Activity:
Transcribe the entries below word for word, beginning at the line with "Black woman looking" and stopping after the line with "正逢就业之际,学院为电商学院"; drop all pictures.

Data provided:
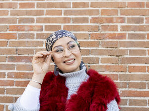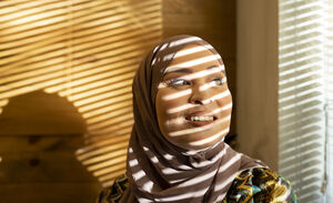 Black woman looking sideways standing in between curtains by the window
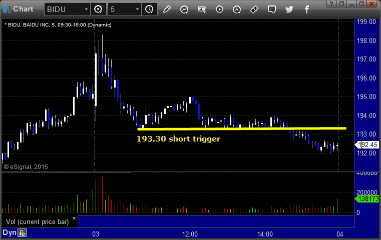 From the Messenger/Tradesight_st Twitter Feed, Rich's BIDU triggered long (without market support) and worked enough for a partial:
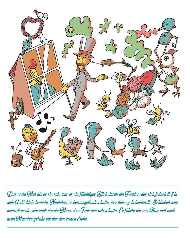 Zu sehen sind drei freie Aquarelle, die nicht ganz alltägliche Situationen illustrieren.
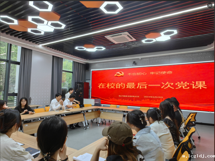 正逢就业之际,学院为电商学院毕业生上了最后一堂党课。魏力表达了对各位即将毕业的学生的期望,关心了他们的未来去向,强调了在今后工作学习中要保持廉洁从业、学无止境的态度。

---

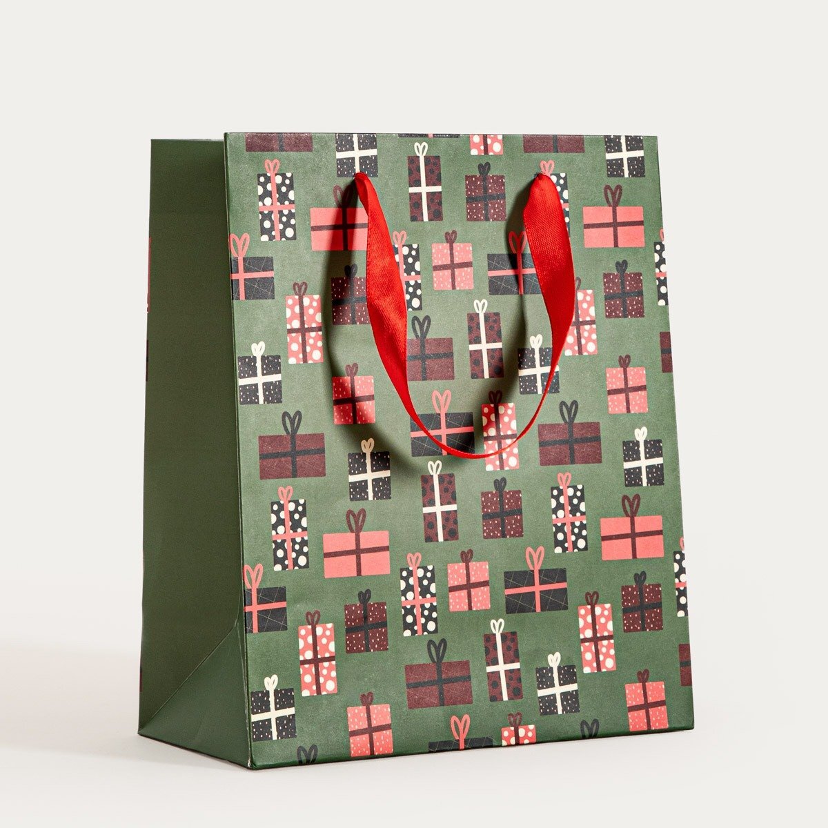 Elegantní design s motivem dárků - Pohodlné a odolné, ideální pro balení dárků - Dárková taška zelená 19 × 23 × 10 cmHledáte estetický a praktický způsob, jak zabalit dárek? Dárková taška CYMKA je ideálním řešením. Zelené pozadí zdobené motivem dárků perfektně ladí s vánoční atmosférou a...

==

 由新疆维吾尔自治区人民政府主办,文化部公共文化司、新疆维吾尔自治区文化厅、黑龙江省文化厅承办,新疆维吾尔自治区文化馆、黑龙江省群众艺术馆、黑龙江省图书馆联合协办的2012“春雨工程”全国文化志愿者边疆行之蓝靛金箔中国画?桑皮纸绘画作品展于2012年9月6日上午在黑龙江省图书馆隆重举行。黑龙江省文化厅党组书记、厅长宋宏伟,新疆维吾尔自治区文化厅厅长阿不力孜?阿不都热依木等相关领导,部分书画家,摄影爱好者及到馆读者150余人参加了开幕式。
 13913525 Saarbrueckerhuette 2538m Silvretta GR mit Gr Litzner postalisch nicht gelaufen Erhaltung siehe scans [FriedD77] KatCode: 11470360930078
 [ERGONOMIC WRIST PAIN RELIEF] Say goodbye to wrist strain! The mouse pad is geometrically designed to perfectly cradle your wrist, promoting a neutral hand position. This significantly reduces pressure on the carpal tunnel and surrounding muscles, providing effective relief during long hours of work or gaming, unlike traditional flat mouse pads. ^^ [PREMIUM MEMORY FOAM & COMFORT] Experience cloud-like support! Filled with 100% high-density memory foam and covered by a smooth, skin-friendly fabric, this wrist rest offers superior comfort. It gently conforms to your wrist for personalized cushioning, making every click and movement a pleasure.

Task result:
 Black woman looking sideways standing in between curtains by the window
 From the Messenger/Tradesight_st Twitter Feed, Rich's BIDU triggered long (without market support) and worked enough for a partial:
 Zu sehen sind drei freie Aquarelle, die nicht ganz alltägliche Situationen illustrieren.
 正逢就业之际,学院为电商学院毕业生上了最后一堂党课。魏力表达了对各位即将毕业的学生的期望,关心了他们的未来去向,强调了在今后工作学习中要保持廉洁从业、学无止境的态度。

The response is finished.